| 研究概要 |
今回polymerase chain reaction(PCR)を用いたサブトラクションクローニング法を新たに開発し、膵B細胞株を用いグルコースにより発現が制御される遺伝子の単離、同定および解析を行なった。
(方法)高グルコースあるいは低グルコース下にて培養したMIN6細胞からcDNA poolを作成した。各々のcDNA poolを我々が新たに開発したPCRを用いたsubtraction法により高グルコースあるいは低グルコースで遺伝子発現に差を認める遺伝子の単離に成功した。得られたcDNAはsubcloning後、ABI 373 sequencerを用い塩基配列を決定した。クローニングされた遺伝子のDNA配列はBLAST programを用いGenbank,EMBLの遺伝子とhomology searchを行なった。
(結果)高グルコースのcDNA poolから19の独立した遺伝子が検出された。既知遺伝子としてprealbumin,IAPP,ublquinoneoxidoreductaseの3種が検出された。これら遺伝子の発現の過剰はNorthern法およびRT-PCR法にて確認した。ほかにhuman ESTのhomologueが2種、残りはこれまでの遺伝子とはhomologyのない遺伝子であった。低グルコースのcDNA poolから11の独立した遺伝子が検出された。そのうち既知遺伝子としてintracisternal A particleとXPB/ERCC遺伝子および2種のmouse ESTが検出された。human ESTのhomologueは2種で残りはこれまでの遺伝子とはhomologyのない遺伝子であった。

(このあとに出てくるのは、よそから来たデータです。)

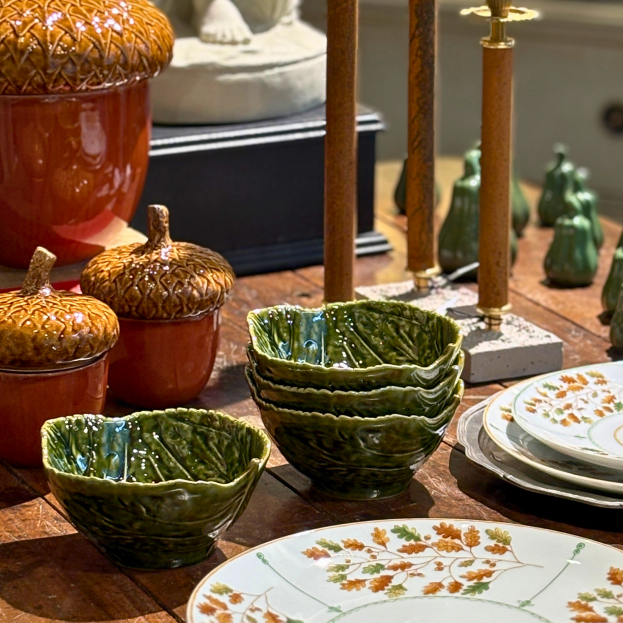 Elegant liten keramikskål i naturinspirerad design från Bordallo Pinheiro. Handgjord i glaserad grön keramik – perfekt för snacks, frukost eller dekoration.

(考察)今回開発したPCR法を用いたサブトラクションクローニング法は、効率よく簡便に、発現の異なる遺伝子を単離することが可能である。今回膵B細胞株より単離同定されたグルコースにより発現が制御される遺伝子をさらに解析することで、膵B細胞におけるインスリン分泌機構を解明し、さらにこれらの遺伝子はNIDDM発症との関連を検討することにより糖尿病発症遺伝子の候補となりうる可能性がある。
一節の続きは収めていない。